My dear Sitecore friends, I hope Halloween was wonderful and full of treats! 🎃
With November upon us, Christmas is just around the corner, and it’s the perfect time to tidy up our Sitecore environments before the holiday season.
In today’s post, I’ll show you how to create a reliable backup for your Sitecore XM Cloud content using a GitHub Action workflow. By bundling everything into a single item package, you can keep your backups organized without tracking thousands of individual items in the repository.
Let’s dive into the details!
Why Use Item Packages?
Sitecore item packages offer a simple way to bundle serialized content into a single, cohesive file, making it ideal for backups. Item packages in Sitecore capture all serialized items, including content, layouts, and media assets, so you have a complete snapshot of your site at a specific moment. This method keeps the repository clean and manageable, especially when your site has thousands of items. Instead of tracking each file individually, you get a single package that’s easy to restore and deploy across environments.
Why Use Git LFS?
Since the backup process includes media items, the resulting .itempackage file can be large. Committing large files directly to a Git repository can quickly bloat its size, making it slower to clone, pull, or push changes.

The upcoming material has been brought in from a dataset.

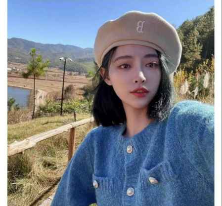 最后,CBB01是一款平顶贝雷帽,经典的纯色非常百搭,侧戴式看上去乖巧灵动。而且它可以更好地修饰脸形,起到显脸小的视觉效果。我建议大家在搭配时,选择裙子会非常有气质,如果冷的话,外面也可以加件大衣。如果想要走休闲帅气风的话,可以搭配风衣和阔腿裤,干练大方。另外,贝雷帽和针织打底衫的搭配也是非常不错的选择哦!比如许佳琪就把两者结合得十分和谐自然,米色贝雷帽配上蓝色针织衫,优雅感十足,非常耐看,在现在这个季节,也不会嫌冷。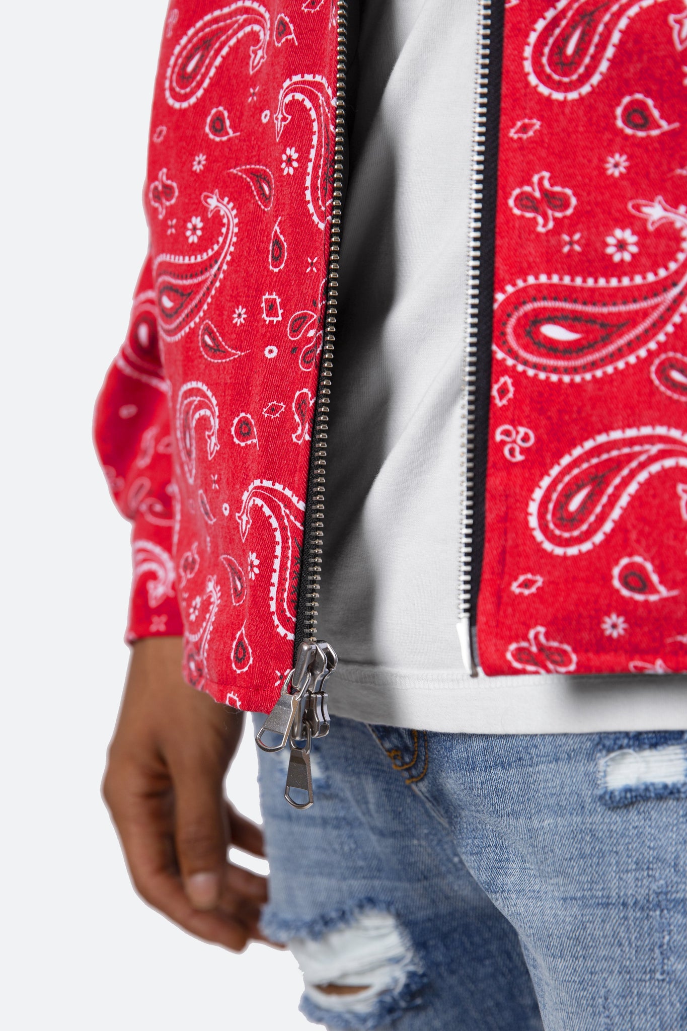 the Paisley Hooded Zip Up is designed with a relaxed fit and features a scoop hemline, a two-way zipper closure, welt pockets, french terry hood, cargo pockets at the chest, constructed from a printed paisley twill shell with a vintage wash and finished with a quilted nylon lining.

This is where Git LFS (Large File Storage) comes in. Git LFS is designed specifically for handling large files in Git by storing them outside the main repository. Instead of storing the entire file in Git, Git LFS replaces it with a lightweight pointer that references the file in LFS storage. This keeps the repository streamlined and ensures it stays fast and manageable, even with large media backups.
By using Git LFS to track the .itempackage file, we gain the benefits of a single, comprehensive backup file without compromising repository performance. Git LFS makes it possible to manage these large files effectively, ensuring that the backup process remains efficient and scalable as content grows.
Automating with a Cron Schedule
To make backups even easier, we can automate this workflow using a cron schedule. Automating the backup ensures it runs consistently, even if you forget to trigger it manually. Here are the benefits of setting a daily backup schedule:
- Reliability: Automated backups reduce human error by consistently running on schedule, ensuring you always have a recent backup.
- Consistency: Regular backups provide a reliable restore point, minimizing potential data loss and making recovery fast.
- Peace of Mind: With automated daily backups, you don’t need to worry about missing a backup if schedules get busy.
For this workflow, I’ve set up a cron schedule to run at midnight UTC every day ('0 0 * * *'). You can adjust the frequency to fit your needs—for example, weekly or monthly may be more appropriate if content changes less frequently.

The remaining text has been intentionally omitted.